((

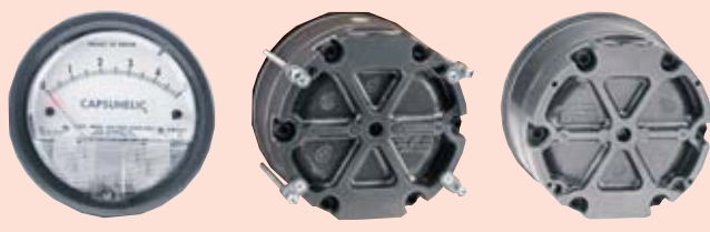
表盘上的嵌入式安装 背面图，带嵌入式安装附件 表面安装的背面图

Capsuhelic® 压力表可嵌入式安装或表面安装，两者的安装部件都附带。嵌入式安装需要开一个 4 1/8" 的孔。对有高冲击和高震动问题的应用场合，可选用 A-496 加强型嵌入式安装支架。使用 A-610 套件可以安装到 1 1/2"-2" 的水平或垂直管道上。安装过程与第 5 页显示的 Magnehelic® 差压表相同。所有标准型号都已经校准为垂直安装型的。在特殊定单下，对量程大于 5in.w.c. 的差压表可在制造厂内校准为水平安装型的或倾斜安装型的。
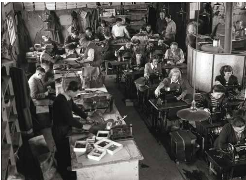
Obrázok 2: Židovskí internanti pri práci v tábore na území Slovenska

Protižidovské opatrenia na Slovensku kulminovali prijatím vládneho nariadenia č. 198/41 (tzv. Židovského kódexu ) dňa 9. septembra 1941. Podľa vzoru norimberských zákonov nová právna norma vymedzovala pojem Žid na základe rasového a nie náboženského princípu a drakonicky regulovala verejný a hospodársky život židovskej komunity, ako aj jej občianske práva. Kódex nariaďoval Židom, zbaveným majetku a občianskych práv, nosenie rozlišovacieho znaku – žltej šesťcípkej hviezdy na viditeľnom mieste. Keďže pod rasový princíp spadali podľa zákona už i pokrstení a poloviční Židia, a dokonca aj zmiešané manželstvá, bol Židovský kódex považovaný za prísnejší ako nacistické zákony.
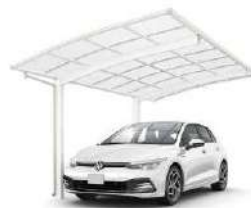
51-27 H24 ホワイト色(ポリカ屋根ふき材: トーメイマット色)
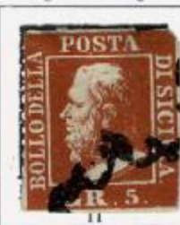
II TAVOLA Angolo intero
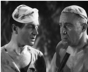
1938 CHÉRI-BIBI de Léon Mathot avec Pierre Fresnay
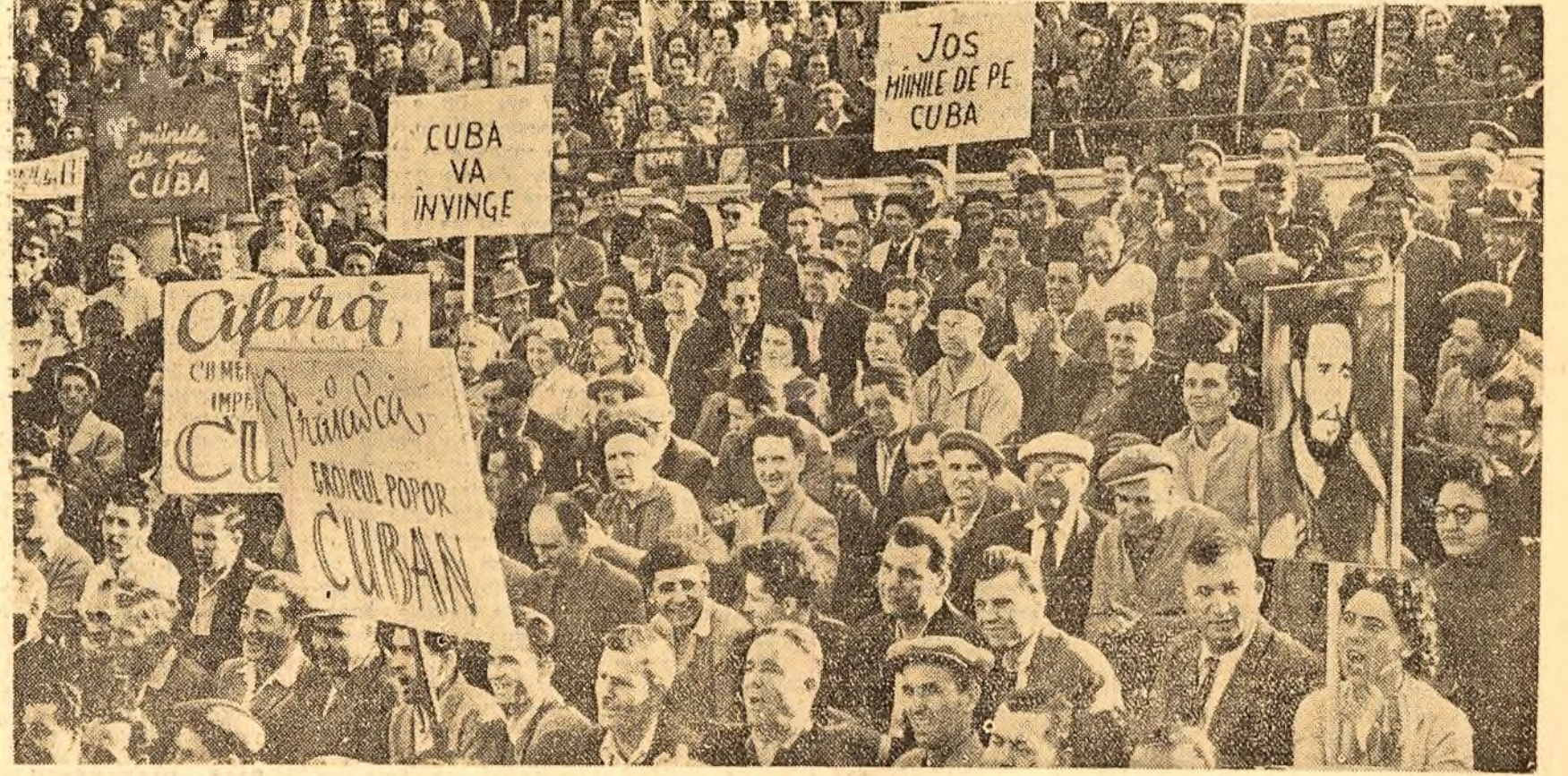
Mile de oameni ai muncii din Capitală își exprimă solidaritatea cu lupta eroică a poporului cuban.
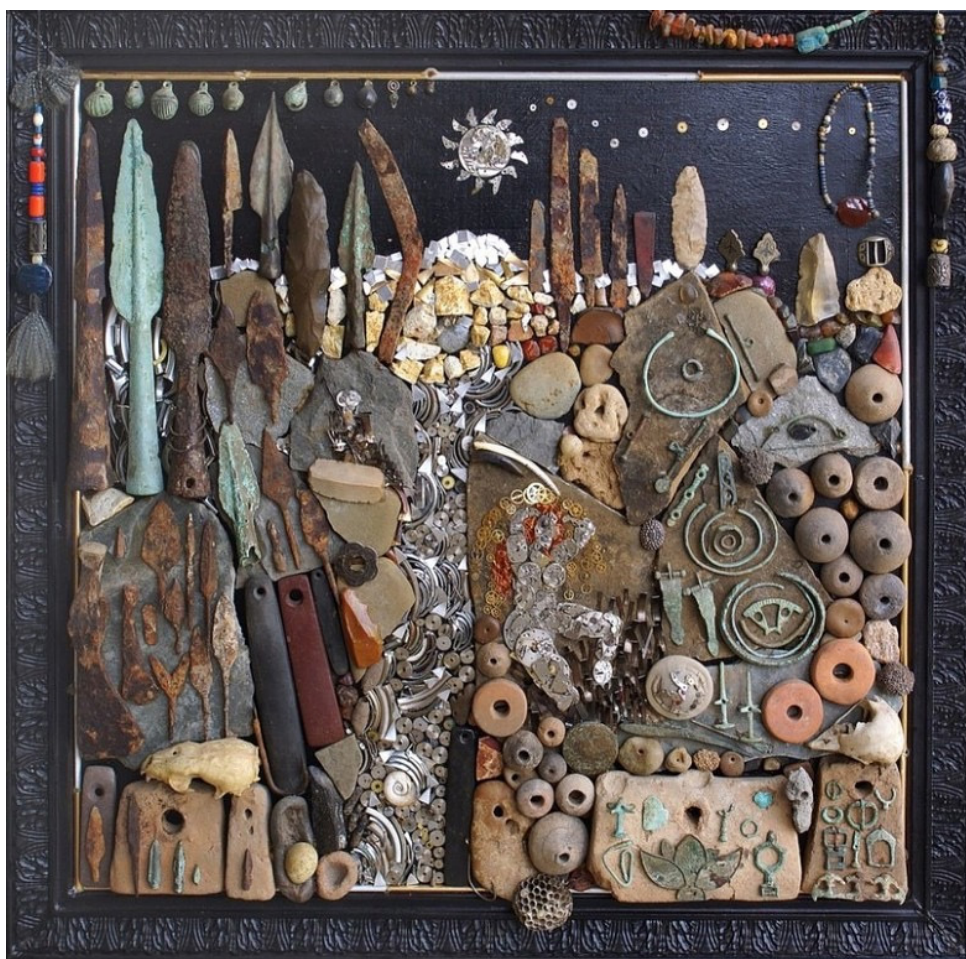
Рис. 2. Ф. М. Петуваш. Сэтэнай. Коллаж. 2006 г. 70 см*70 см Fig. 2. F. M. Petuvash. Setanai. Collage. 2006, 70*70 cm.

Художник Феликс Петуваш, будучи охотником и рыбаком, на протяжении многих лет находил и собирал вымываемые водами водохранилища археологические артефакты, их также приносили друзья, знакомые: тысячи предметов он передал на хранение в фонды Национального музея Республики Адыгея.
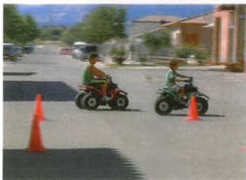
Juegos en el Día del Municipio
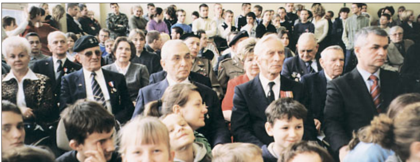
Uroczysta akademia poświęcona Generalowi Stanisławowi Maczkowi i Jego Żołnierzom
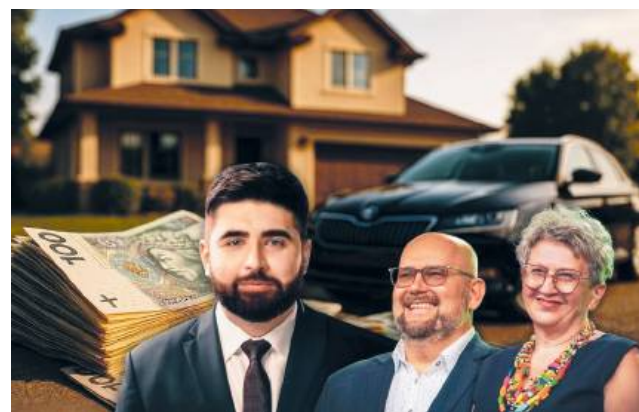
Oświadczenia pokazują, jak zarządzają prywatnym majątkiem ci, którzy zarządzają miastem

Z tytułu pracy w urzędzie miasta zarobił w 2024 roku blisko 195 tys. zł. Otrzymał też 30 tys. zł darowizny od osoby z I grupy podatkowej. Posiada dwa samochody – seata altea xl z 2012 roku (wspólnota majątkowa) oraz skodę octavię z 2011 roku (własność osobista).
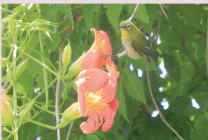
ノウゼンカズラの蜜を吸いに来たメジロ (北白川試験地)
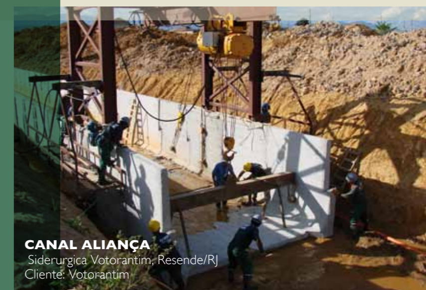
CANAL ALIANÇA Siderúrgica Votorantim, Resende/RJ Cliente: Votorantim

Laranjeiras de Itaparica para o Governo do Estado do Espírito Santo. Para a OHL BRASIL, além da restauração de diversos segmentos da rodovia BR-101, no trecho sob concessão, executou a construção das Praças de Arrecadação de Pedágio localizadas no Norte Fluminense.
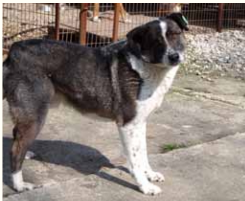
80) MEREK, männlich, 8 Jahre alt, 60 cm groß, Crotal 23128, Auslauf 20/12

Merek wurde zur Kastration in unserer Smeura abgegeben und - wie sehr häufig- nicht mehr abgeholt. Der ältere Rüde zeigt sich ausgesprochen freundlich und kontaktsuchend, mit anderen Hunden zeigt er sich verträglich und eher desinteressiert.
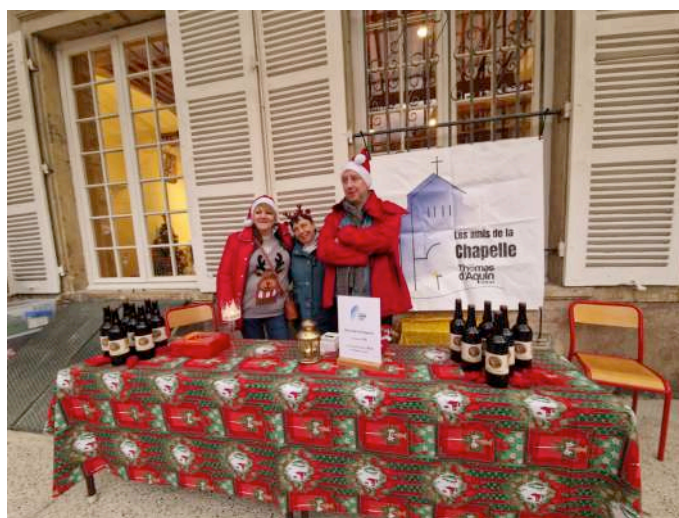
Notre stand avec les bières de la Chapelle

Vernissage de l'exposition de photos de la Chapelle et du site d'Oullins faites par Thibault LAZERT-SAURY, ancien élève et membre du CA, le 21 janvier 2025 : l'exposition a attiré 70 à 80 personnes. L'accompagnement musical par deux violonistes a été apprécié et a créé une chaude ambiance. L'exposition de photos a bien décoré la salle Lacordaire et est restée accessible dans cette salle jusqu'au 21 juin 2025.
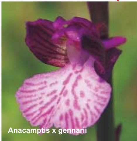
Esempio di specie ibrida.

essere "sterile". In quest'ultimo caso, anche se meno frequente, l'individuo che osserviamo è unico e non ne genererà altri. Questo è uno dei motivi che, peraltro, complica enormemente la possibilità di identificare in maniera univoca un certo esemplare. Una complicazione ulteriore è dovuta alla possibilità che gli ibridi possano incrociarsi con le forme parentali ( introgressione ), dando vita a forme ancora più fantasiose e suggestive.
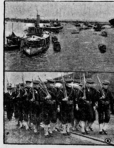
Der Hafen von Shanghai. Unten eine Abteilung Marineinfanterie, die als Besatzung für das dortige amerikanische Generalconsulat bestimmt ist.

Dem deutschen Erfindergeist ist es gelungen, einen Taucherapparat zu konstruieren, mit dem Tiefe erreicht werden können, in die bisher noch niemals ein Taucher gelangte. Versuche im Meeresbecken haben ergeben, daß in einer Tiefe von 100 Metern ein Aufenthalt bis zu 5 St. möglich ist. Aufgaben, welche von der Marine-Kommission des Inn- und Auslandes gestellt wurden, sind zur vollen Zufriedenheit gelöst worden. Besonders in der Perlen- und Perlmutterfischeri und auch bei der Schwammgewinnung wird die Einführung der Panzer-Taucherapparate eine große Umwälzung bedeuten. Aber auch bei der Bergung von Gut aus untergegangenen Schiffen wird diese neue deutsche Erfindung eine große Rolle spielen. Unser Bild zeigt einen Taucher in dem neuen Panzer-Tiefsee-Taucherapparat bei der Arbeit auf dem Meeresgrunde.
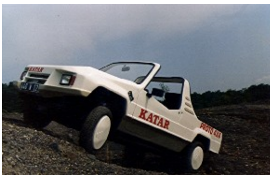
Prototype du 1 er Katar 4x4
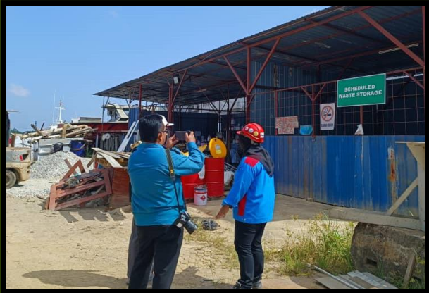
INSPECTION SCHEDULED WASTE BY DOE (MSETPK) 15 MARCH 2023
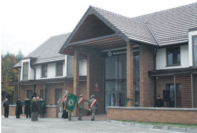
▲ Nadleśnictwo Rudziniec ma nową siedzibę. Z ciasnego budynku leśnicy przenieśli się do nowoczesnego obiektu przy ul. Leśnej 7, uroczystie otwartego 3 listopada.
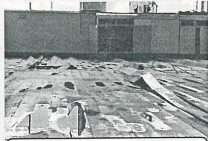
県立芦北高校(教室床の反り)
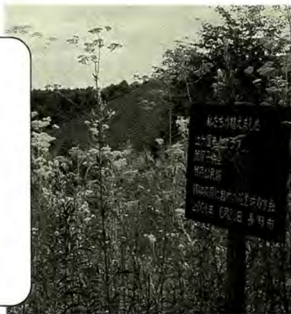
アゼリア入り口広場に植栽
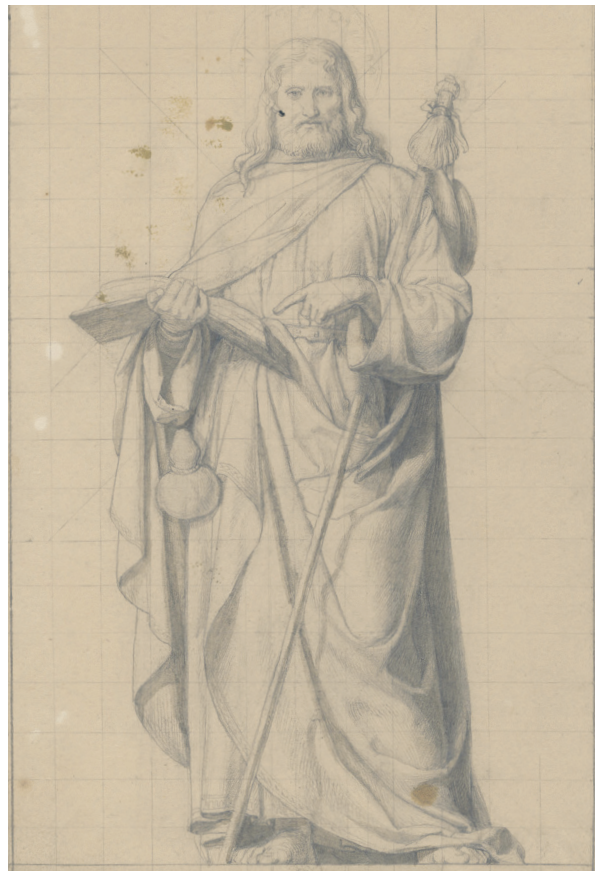
Илл. 9. Ю. Деринг, эскиз для алтарной картины, 1844, возможно, один из следующих вариантов картины для церкви в Мыслово, НБЛ, инв. R IW-1/89–24

После возвращения в Дрезден Деринг впервые получил заказ на выполнение алтарной картины, и 27 ноября 1844 года в реестре было записано: «Св. Иаков, алтарная картина собственного сочинения для церкви в Мыслово, для графини Ржевской; картина (закончена 19 апреля 1845 года) была написана маслом, на золотой грунтовке, размеры – 4 фута 7 дюймов x 3 фута». 11 Некоторое представление об этой картине дает сохранившийся рисунок ( Jacobus Maior , 1844, собрание «Редкие книги и рукописи» в Национальной библиотеке Латвии, Рига, илл. 8, 9).

))

The task: Write out the material above once more, exactly as it reads, with no pictures.

Solution below:
表盘上的嵌入式安装 背面图，带嵌入式安装附件 表面安装的背面图

Capsuhelic® 压力表可嵌入式安装或表面安装，两者的安装部件都附带。嵌入式安装需要开一个 4 1/8" 的孔。对有高冲击和高震动问题的应用场合，可选用 A-496 加强型嵌入式安装支架。使用 A-610 套件可以安装到 1 1/2"-2" 的水平或垂直管道上。安装过程与第 5 页显示的 Magnehelic® 差压表相同。所有标准型号都已经校准为垂直安装型的。在特殊定单下，对量程大于 5in.w.c. 的差压表可在制造厂内校准为水平安装型的或倾斜安装型的。
Obrázok 2: Židovskí internanti pri práci v tábore na území Slovenska

Protižidovské opatrenia na Slovensku kulminovali prijatím vládneho nariadenia č. 198/41 (tzv. Židovského kódexu ) dňa 9. septembra 1941. Podľa vzoru norimberských zákonov nová právna norma vymedzovala pojem Žid na základe rasového a nie náboženského princípu a drakonicky regulovala verejný a hospodársky život židovskej komunity, ako aj jej občianske práva. Kódex nariaďoval Židom, zbaveným majetku a občianskych práv, nosenie rozlišovacieho znaku – žltej šesťcípkej hviezdy na viditeľnom mieste. Keďže pod rasový princíp spadali podľa zákona už i pokrstení a poloviční Židia, a dokonca aj zmiešané manželstvá, bol Židovský kódex považovaný za prísnejší ako nacistické zákony.
51-27 H24 ホワイト色(ポリカ屋根ふき材: トーメイマット色)
II TAVOLA Angolo intero
1938 CHÉRI-BIBI de Léon Mathot avec Pierre Fresnay
Mile de oameni ai muncii din Capitală își exprimă solidaritatea cu lupta eroică a poporului cuban.
Рис. 2. Ф. М. Петуваш. Сэтэнай. Коллаж. 2006 г. 70 см*70 см Fig. 2. F. M. Petuvash. Setanai. Collage. 2006, 70*70 cm.

Художник Феликс Петуваш, будучи охотником и рыбаком, на протяжении многих лет находил и собирал вымываемые водами водохранилища археологические артефакты, их также приносили друзья, знакомые: тысячи предметов он передал на хранение в фонды Национального музея Республики Адыгея.
Juegos en el Día del Municipio
Uroczysta akademia poświęcona Generalowi Stanisławowi Maczkowi i Jego Żołnierzom
Oświadczenia pokazują, jak zarządzają prywatnym majątkiem ci, którzy zarządzają miastem

Z tytułu pracy w urzędzie miasta zarobił w 2024 roku blisko 195 tys. zł. Otrzymał też 30 tys. zł darowizny od osoby z I grupy podatkowej. Posiada dwa samochody – seata altea xl z 2012 roku (wspólnota majątkowa) oraz skodę octavię z 2011 roku (własność osobista).
ノウゼンカズラの蜜を吸いに来たメジロ (北白川試験地)
CANAL ALIANÇA Siderúrgica Votorantim, Resende/RJ Cliente: Votorantim

Laranjeiras de Itaparica para o Governo do Estado do Espírito Santo. Para a OHL BRASIL, além da restauração de diversos segmentos da rodovia BR-101, no trecho sob concessão, executou a construção das Praças de Arrecadação de Pedágio localizadas no Norte Fluminense.
80) MEREK, männlich, 8 Jahre alt, 60 cm groß, Crotal 23128, Auslauf 20/12

Merek wurde zur Kastration in unserer Smeura abgegeben und - wie sehr häufig- nicht mehr abgeholt. Der ältere Rüde zeigt sich ausgesprochen freundlich und kontaktsuchend, mit anderen Hunden zeigt er sich verträglich und eher desinteressiert.
Notre stand avec les bières de la Chapelle

Vernissage de l'exposition de photos de la Chapelle et du site d'Oullins faites par Thibault LAZERT-SAURY, ancien élève et membre du CA, le 21 janvier 2025 : l'exposition a attiré 70 à 80 personnes. L'accompagnement musical par deux violonistes a été apprécié et a créé une chaude ambiance. L'exposition de photos a bien décoré la salle Lacordaire et est restée accessible dans cette salle jusqu'au 21 juin 2025.
Esempio di specie ibrida.

essere "sterile". In quest'ultimo caso, anche se meno frequente, l'individuo che osserviamo è unico e non ne genererà altri. Questo è uno dei motivi che, peraltro, complica enormemente la possibilità di identificare in maniera univoca un certo esemplare. Una complicazione ulteriore è dovuta alla possibilità che gli ibridi possano incrociarsi con le forme parentali ( introgressione ), dando vita a forme ancora più fantasiose e suggestive.
Der Hafen von Shanghai. Unten eine Abteilung Marineinfanterie, die als Besatzung für das dortige amerikanische Generalconsulat bestimmt ist.

Dem deutschen Erfindergeist ist es gelungen, einen Taucherapparat zu konstruieren, mit dem Tiefe erreicht werden können, in die bisher noch niemals ein Taucher gelangte. Versuche im Meeresbecken haben ergeben, daß in einer Tiefe von 100 Metern ein Aufenthalt bis zu 5 St. möglich ist. Aufgaben, welche von der Marine-Kommission des Inn- und Auslandes gestellt wurden, sind zur vollen Zufriedenheit gelöst worden. Besonders in der Perlen- und Perlmutterfischeri und auch bei der Schwammgewinnung wird die Einführung der Panzer-Taucherapparate eine große Umwälzung bedeuten. Aber auch bei der Bergung von Gut aus untergegangenen Schiffen wird diese neue deutsche Erfindung eine große Rolle spielen. Unser Bild zeigt einen Taucher in dem neuen Panzer-Tiefsee-Taucherapparat bei der Arbeit auf dem Meeresgrunde.
Prototype du 1 er Katar 4x4
INSPECTION SCHEDULED WASTE BY DOE (MSETPK) 15 MARCH 2023
▲ Nadleśnictwo Rudziniec ma nową siedzibę. Z ciasnego budynku leśnicy przenieśli się do nowoczesnego obiektu przy ul. Leśnej 7, uroczystie otwartego 3 listopada.
県立芦北高校(教室床の反り)
アゼリア入り口広場に植栽
Илл. 9. Ю. Деринг, эскиз для алтарной картины, 1844, возможно, один из следующих вариантов картины для церкви в Мыслово, НБЛ, инв. R IW-1/89–24

После возвращения в Дрезден Деринг впервые получил заказ на выполнение алтарной картины, и 27 ноября 1844 года в реестре было записано: «Св. Иаков, алтарная картина собственного сочинения для церкви в Мыслово, для графини Ржевской; картина (закончена 19 апреля 1845 года) была написана маслом, на золотой грунтовке, размеры – 4 фута 7 дюймов x 3 фута». 11 Некоторое представление об этой картине дает сохранившийся рисунок ( Jacobus Maior , 1844, собрание «Редкие книги и рукописи» в Национальной библиотеке Латвии, Рига, илл. 8, 9).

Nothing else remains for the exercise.